**Exercise brief:**
Every picture should be left out, but the lines below must be repeated exactly.

**Source material:**
- - - - - - -

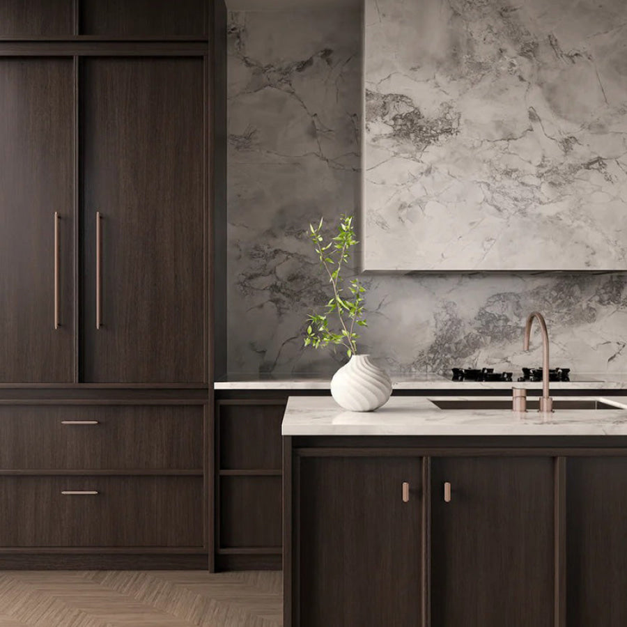 The ÖPPEN range of cabinet handles by Meir embodies Scandinavian simplicity and elegance, introducing a minimalistic design to any space featuring cabinetry.
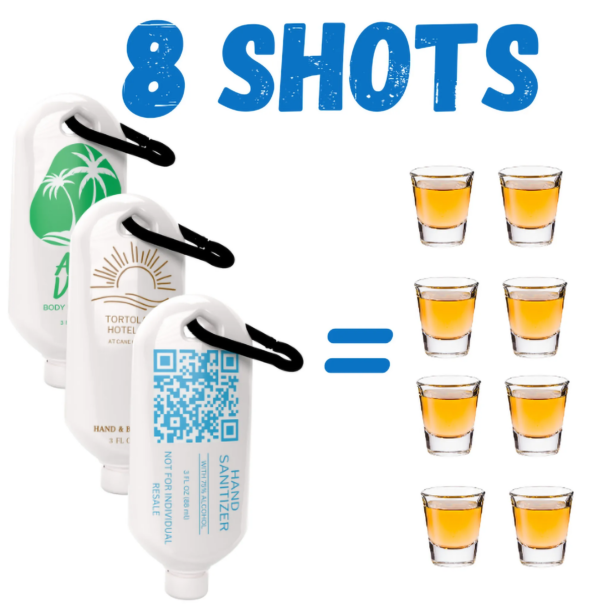 Small enough to fit in a quart-sized bag with your toiletries, these flasks are perfect for flights, cruises, concerts, and day trips. The discreet labels make them look like everyday lotion or sanitizer bottles, so they blend in with your travel kit.
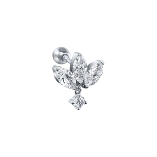 L'orecchino proposto è un piercing in argento 925 placcato oro con un piccolo lotus. L'argento 925 è una lega di argento composta da 92,5% di argento puro e 7,5% di altri metalli. La placcatura in oro è un rivestimento sottile di oro sulla superficie dell'argento che conferisce un aspetto dorato all'orecchino. Adatto per Flat, Conch e Tragus.

- - - - - - -

**Solution to this problem:**
 The ÖPPEN range of cabinet handles by Meir embodies Scandinavian simplicity and elegance, introducing a minimalistic design to any space featuring cabinetry.
 Small enough to fit in a quart-sized bag with your toiletries, these flasks are perfect for flights, cruises, concerts, and day trips. The discreet labels make them look like everyday lotion or sanitizer bottles, so they blend in with your travel kit.
 L'orecchino proposto è un piercing in argento 925 placcato oro con un piccolo lotus. L'argento 925 è una lega di argento composta da 92,5% di argento puro e 7,5% di altri metalli. La placcatura in oro è un rivestimento sottile di oro sulla superficie dell'argento che conferisce un aspetto dorato all'orecchino. Adatto per Flat, Conch e Tragus.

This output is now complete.